Recrutements dans les entreprises et établissements publics: une vraie nébuleuse

Pas facile de savoir ce qu’il en est des mécanismes d’embauche dans certaines sociétés d’État

Feu à volonté ! Dr François-Marc Modzom n’a pas raté son employeur actuel, qui ne l’a jamais démenti. Lors de l’émission «Travelling» (édition du 30 août dernier) sur Vox Africa, le directeur central radio de la Cameroon radio television (CRTV) dit que «c’est une maison qui manque de discipline parfois; qui a peut-être parfois la faiblesse de faire du social dans les recrutements». C’est que, à tout bien considérer dans les mécanismes d’embauche au sein du média à capitaux publics, le journaliste estime que la transparence est une hypocrisie, «un pur fantasme comme dans toutes les sociétés d’État», tel que le fait observer un enseignant de l’Institut supérieur de management public (ISMP).

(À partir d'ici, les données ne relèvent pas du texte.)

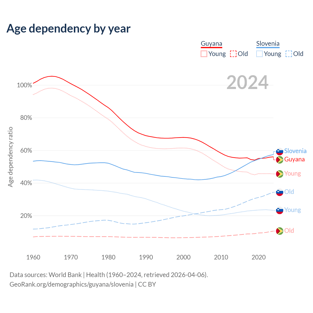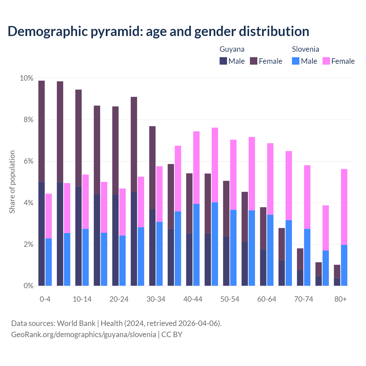- Guyana is ranked 122/196 by median age (oldest to youngest) vs 14/196 for Slovenia.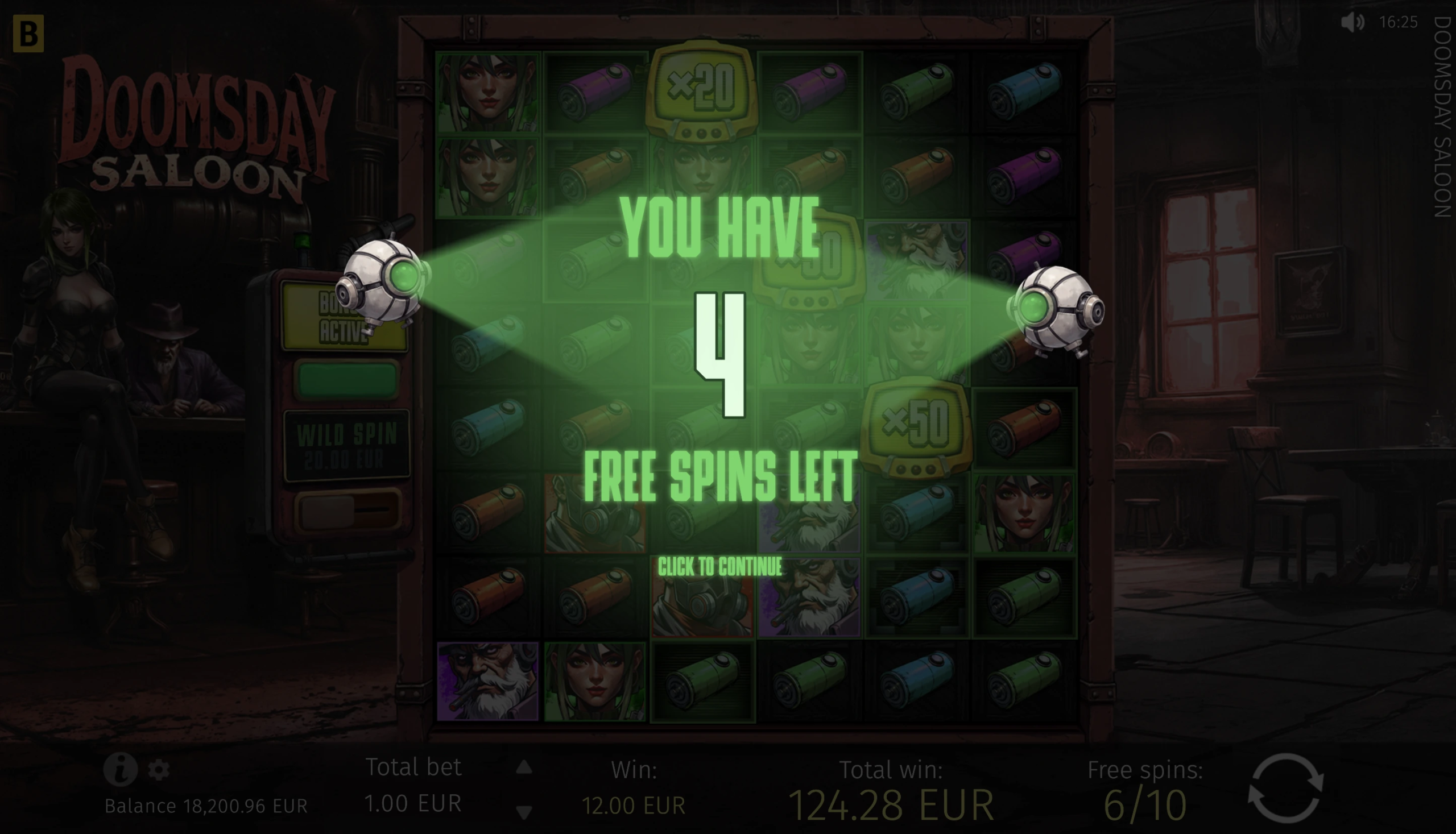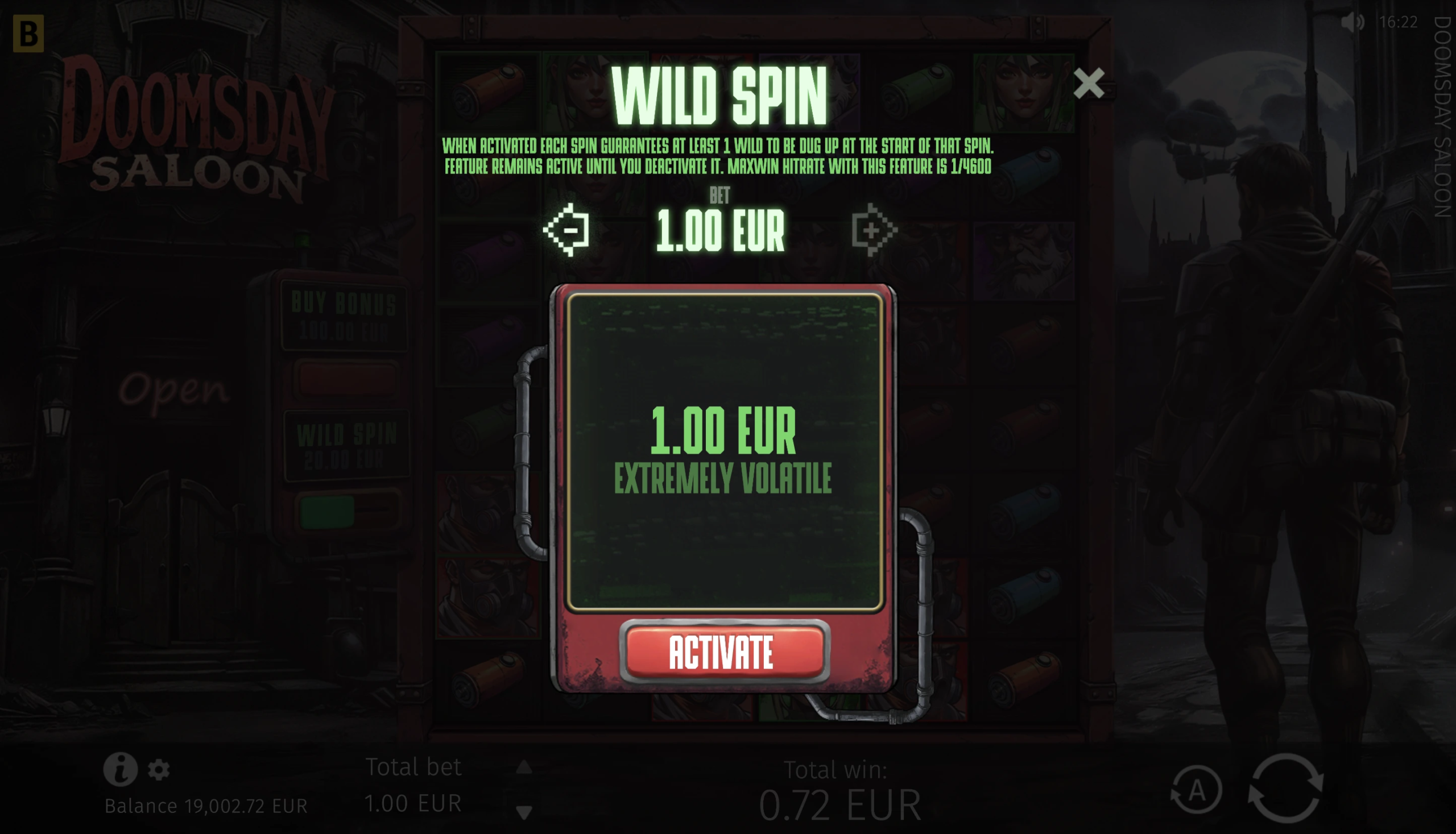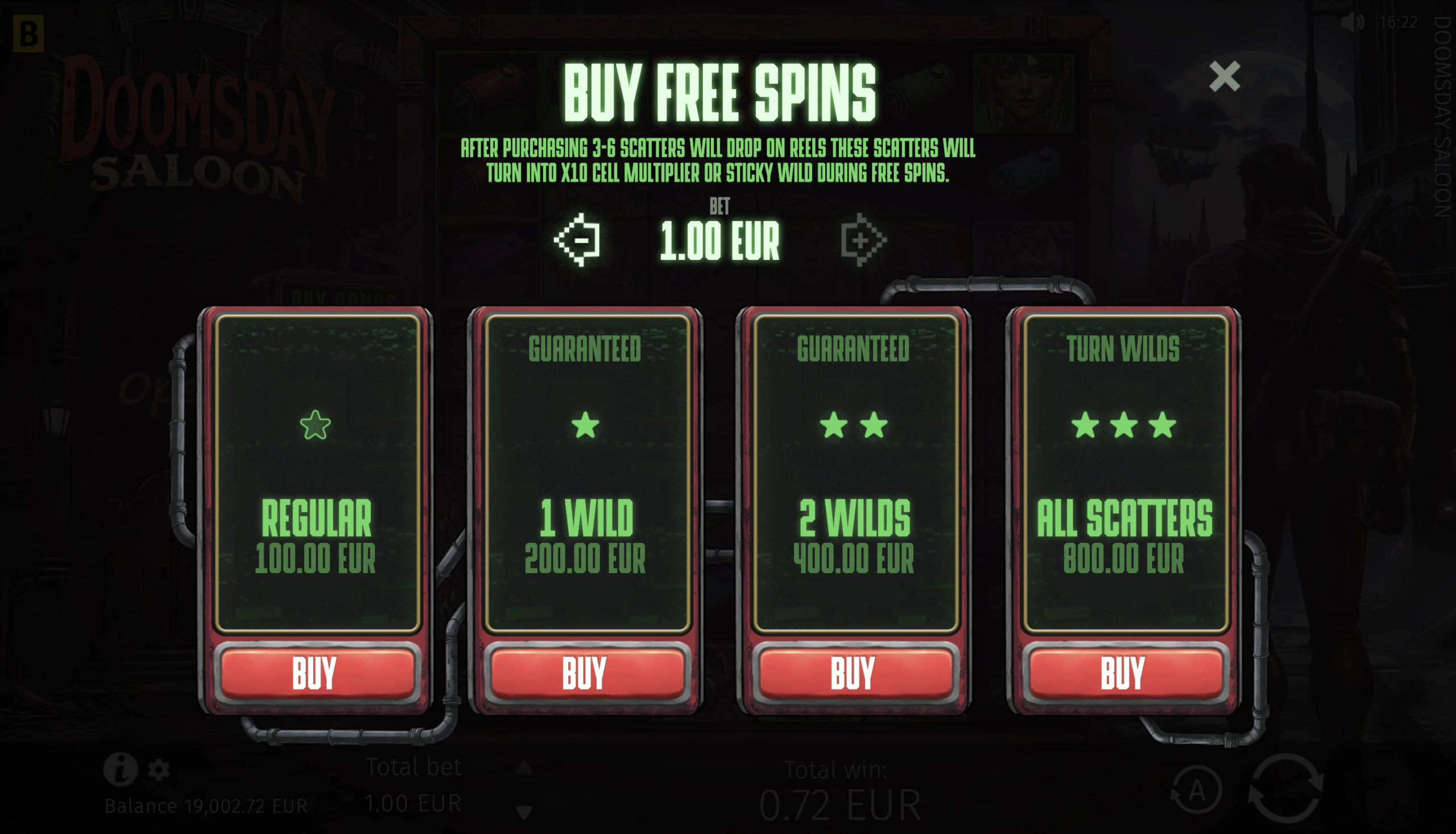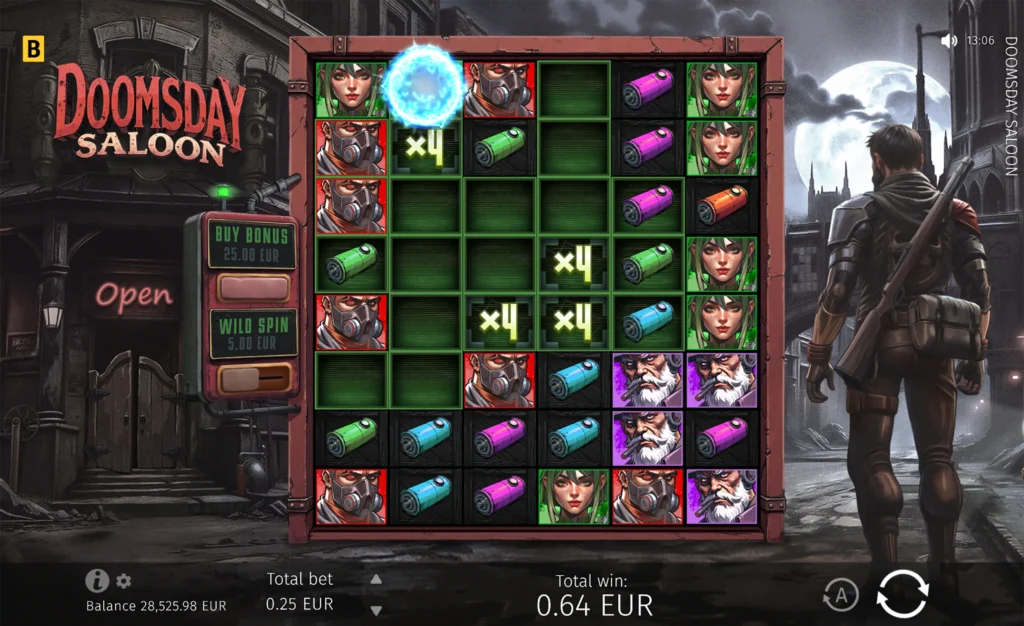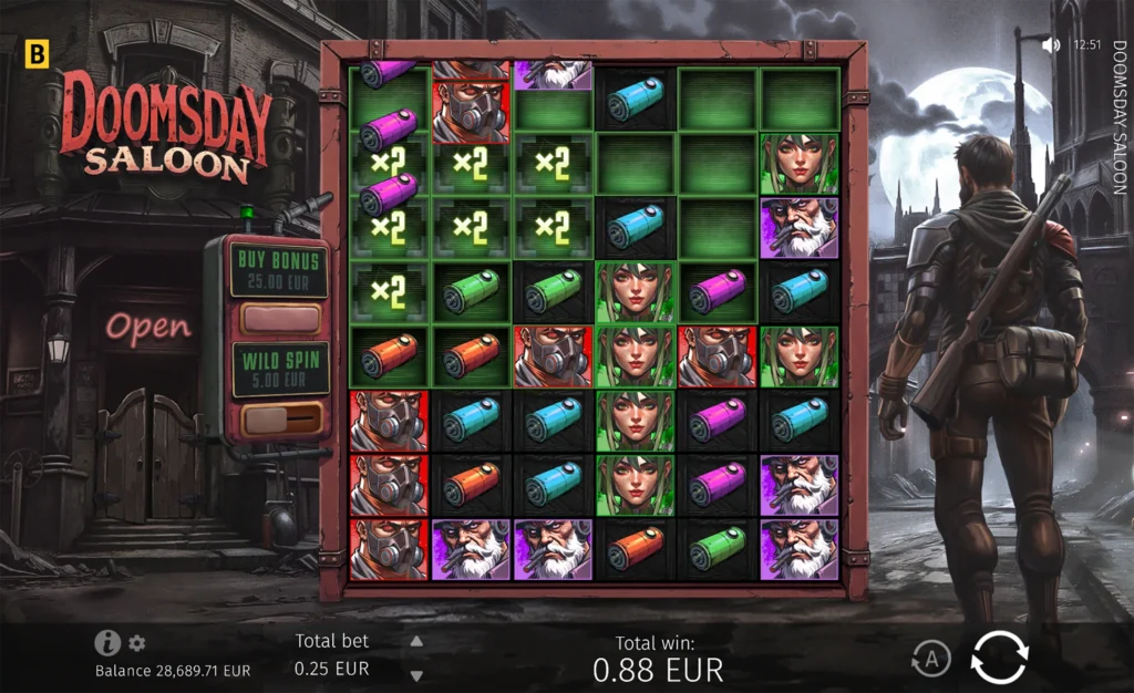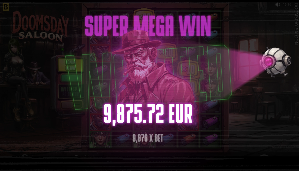 Doomsday Saloon offers a maximum multiplier of x10,000 of a player’s bet. This jackpot-like win can be exceptionally rewarding, making this already thrilling slot even more fun to play.

Alimentée par des fuites et des confidences, l’analyse de la situation révèle que les postes disponibles dans certaines catégories sont la chasse gardée de quelques directeurs. À la Société nationale des hydrocarbures (SNH), par exemple, plusieurs témoignages intérieurs signalent «chaque année, des recrutements sans adéquation des candidats avec la culture de l’entreprise ou le poste». À tort ou à raison, des voix placent même les embauches au sein de cette entreprise publique au cœur d’une compétition acharnée entre «directeurs en service dans la maison et d’autres dignitaires du pays qui y placent les leurs». En tentant d’offrir à la SNH la possibilité de démentir ces allégations, l’on se heurte à l’intransigeance des agents de sécurité en poste devant le siège de l’entreprise ce 17 juin 2022 à Yaoundé.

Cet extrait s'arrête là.